J-PAS: forecast on the primordial power spectrum reconstruction
Guillermo Martínez-Somonte, Airam Marcos-Caballero, Enrique Martínez-González, Antonio L. Maroto, Miguel Quartin, Raul Abramo, Jailson Alcaniz, Narciso Benítez, Silvia Bonoli, Saulo Carneiro, Javier Cenarro, David Cristóbal-Hornillos, Simone Daflon, Renato Dupke, Alessandro Ederoclite, Rosa María González Delgado, Antonio Hernán-Caballero, Carlos Hernández-Monteagudo, Jifeng Liu, Carlos López-Sanjuán, Antonio Marín-Franch, Claudia Mendes de Oliveira, Mariano Moles, Fernando Roig, Laerte Sodré, Keith Taylor, Jesús Varela, Héctor Vázquez Ramió, José M. Vilchez, Javier Zaragoza-Cardiel
Comments 30 pages, 7 figures, 3 tables
详情
- Journal ref
- JCAP03(2026)058
We investigate the capability of the J-PAS survey to constrain the primordial power spectrum using a non-parametric Bayesian method. Specifically, we analyze simulated power spectra generated by a local oscillatory primordial feature template motivated by non-standard inflation.
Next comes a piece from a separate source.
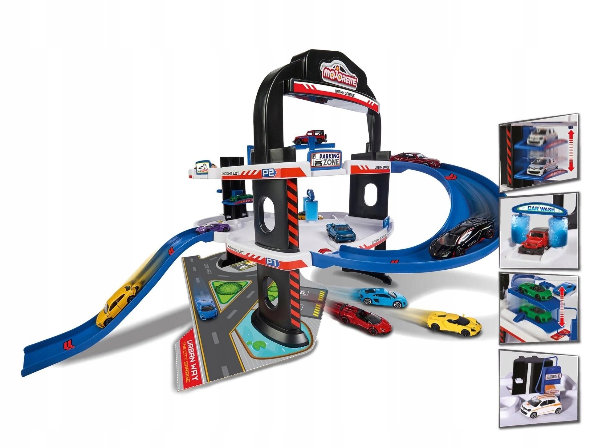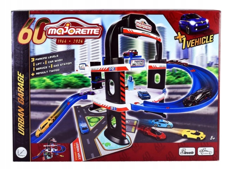 Duży 3 poziomowy garaż w specjalnej limitowanej edycji na 60-lecie marki Majorette. Są tu stacja benzynowa, warsztat, winda oraz myjnia samochodowa. Parking miejski Majorette to idealny zestaw do zabawy dla małych fanów motoryzacji, jest tu wiele do odkrycia i nieograniczona zabawa dla małych samochodzików i ich kierowców. 3-poziomowy garaż dodatkowo zaopatrzony jest w pasy ruchu, rampy wyjazdowe, zjeżdżalnię, naklejki. Dołączony oficjalnie licencjonowany pojazd – aby można było bezpośrednio korzystać z dużego garażu samochodowego z krętymi torami jazdy zawiera metalowy resorak Renault Twingo w skali 1:64 o długości 7,5 cm z zawieszeniem. Szybkie zjazdy robią wrażenie i zachwycają fanów motoryzacji, solidny salon samochodowy to trafiony prezent dla chłopców i dziewczynek w wieku od 5 lat.
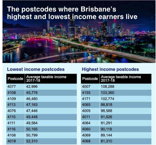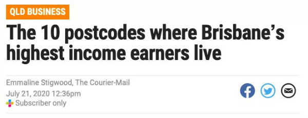 根据澳大利亚税务局(ATO)发布的应税收入数据,Courier Mail于7月20日报道了布里斯班的十大“富人区”和“穷人区”名单。

The feature is placed within the range of scales where the signal-to-noise ratio is maximized, and we restrict the analysis to $k \in [0.02,0.2] \text{ h} \text{ Mpc}^{-1}$, set by the expected J-PAS coverage and the onset of non-linear effects. Each primordial power spectrum is reconstructed by linearly interpolating $N$ knots in the $\{\log k, \log P_{\mathcal{R}}(k)\}$ plane, which are sampled jointly with the cosmological parameters $\{H_0,Ω_b h^2, Ω_c h^2\}$ using PolyChord. To test the primordial features, we apply two statistical tools: the Bayes factor and a hypothesis test that localizes the scales where features are detected. We assess the recovery under different J-PAS specifications, including redshift binning, tracer type, survey area, and filter strategy. Our results show that combining redshift bins and tracers allows the detection of oscillatory features as small as 2\%.